Adequacy of security controls: Although low-impact bulk electric system cyber systems (BCS) make up the majority of BES cyber assets, they are generally not subject to mandatory security controls. The simultaneous loss or degradation of a large number of these systems could have a significant impact. Many commission jurisdictional hydroelectric facilities and natural gas pipelines are not subject to mandatory cybersecurity controls.
Internal network monitoring and detection: Internal monitoring of protected networks is not required by NERC critical infrastructure protection (CIP) standards; a failure to conduct monitoring can allow attackers to move laterally within “trust zones.”
Staff identified the focus areas based on a review of public and nonpublic threat reports, significant cybersecurity events impacting industrial infrastructure and CIP standards.

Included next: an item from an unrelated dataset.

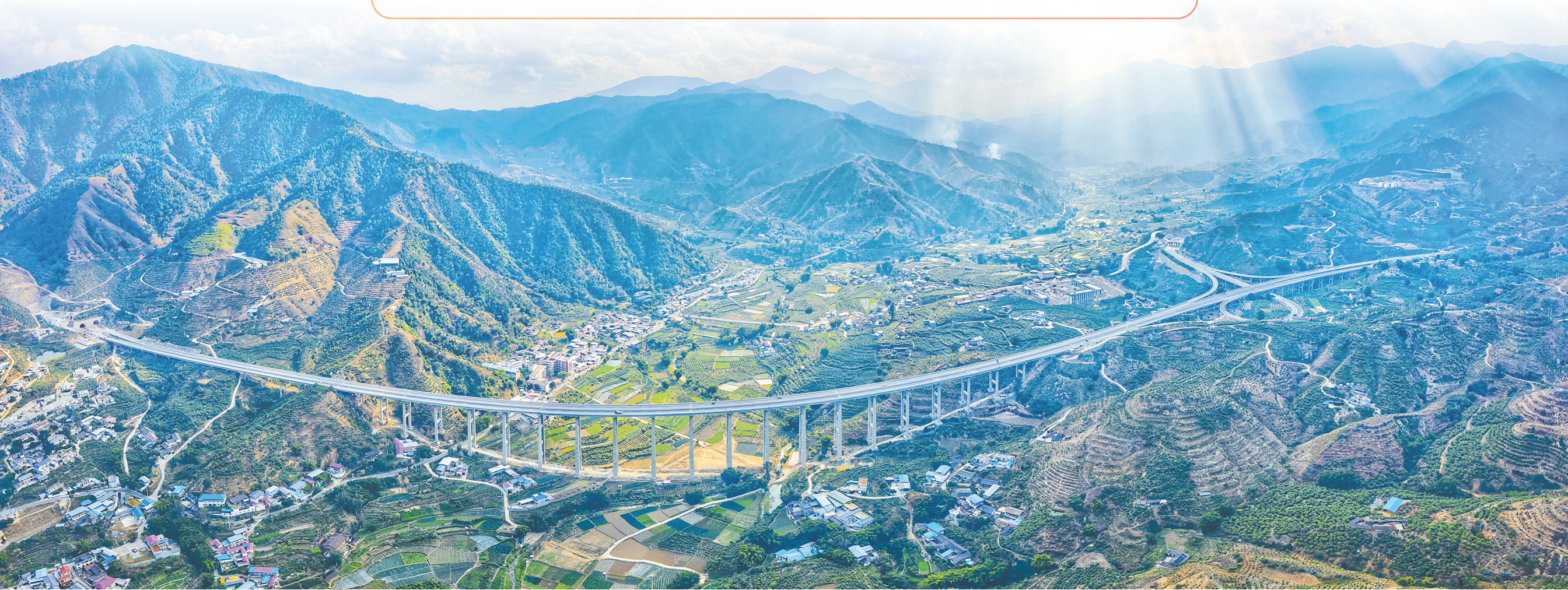
玉楚高速阿姑特大桥

发展坦途，大力推动中铁设计、中铁建造、中铁标准、中铁装备等全面“走出去”，全力助推云南建设面向南亚东南亚辐射中心，成为我国对外开放新高地。

“Staff will continue to monitor entities’ supply chain security implementation and use of trusted connections,” staffers said in a presentation at the commission’s open meeting Thursday. “Additionally, staff will monitor entities’ adoption of new technologies and services to address cyber infrastructure implementation [including] virtualization of systems and use of cloud-computing services. Staff will continue to gather information and work with regulated entities on these issues as well as potential modifications to the CIP standards, such as the security controls for low-impact BES cyber systems.”
Staff noted that OEIS offers voluntary network architecture assessments of electric, hydroelectric, natural gas and LNG facilities, working with other federal agencies such as the Department of Homeland Security, the Transportation Security Administration and the Coast Guard.

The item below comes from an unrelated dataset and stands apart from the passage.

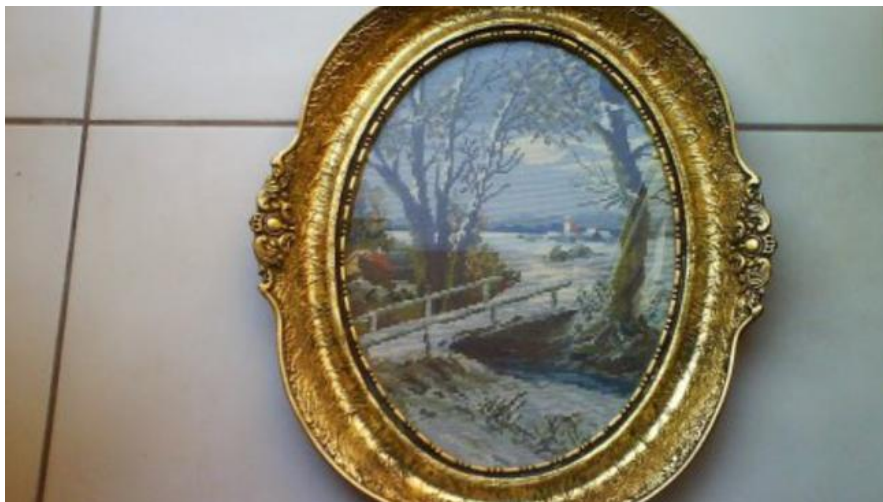
Slika 18: Goblen.

Manje-više svi radovi, publikacije, razgovori koji se bave problemom lošeg ukusa zadržavaju se na tradicionalnom kiču, koji je vjerojatno najbenigniji od svih do sada spomenutih i koji uključuje već spomenute vrte patuljke, porculanske figurice, goblene i slično. (vidi sliku 18)

Hydro Security, Internal Monitoring
FERC said the additional security capabilities for OEP will build on the Security Program for Hydropower Projects, created in response to the Sept. 11, 2001, terrorist attacks and revised three times since.

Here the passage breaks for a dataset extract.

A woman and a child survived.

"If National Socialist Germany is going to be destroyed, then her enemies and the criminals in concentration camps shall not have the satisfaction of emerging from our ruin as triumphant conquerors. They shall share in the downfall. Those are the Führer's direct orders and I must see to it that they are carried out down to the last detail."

David Capka, FERC Office of Energy Projects
“The program’s been enhanced over the years,” David Capka, director of the dam safety division, explained in response to a question from the chairman after the presentation. “However, when cybersecurity became part of the program, within OEP we had to rely heavily on experts outside our office. So, we relied on OEIS and OER to help us. And it quickly became clear that we needed in-house … expertise.”
Barry Kuehnle, FERC Office of Electric Reliability
Capka said the changes will have two benefits. “I think we’re going to have a much more robust security program with the expertise we’ve been able to bring on board. [And] we’re allowing our dam safety engineers to focus on dam safety now.”
OER’s Barry Kuehnle responded to a question from Commissioner Bernard McNamee about the need for internal network monitoring to prevent hackers from being able to make undetected lateral movement within a “trust zone.”
“If someone were to gain access [within a safety perimeter] — suppose they come in with a supply chain attack where you purchase a piece of equipment with a back door in it — you put that into the network, now it’s an authenticated piece of equipment … that potentially may end up … communicating with other equipment within that network,” Kuehnle said. “If you’re … looking for anomalies … you can catch that quicker and you’re able to address any type of security concerns.”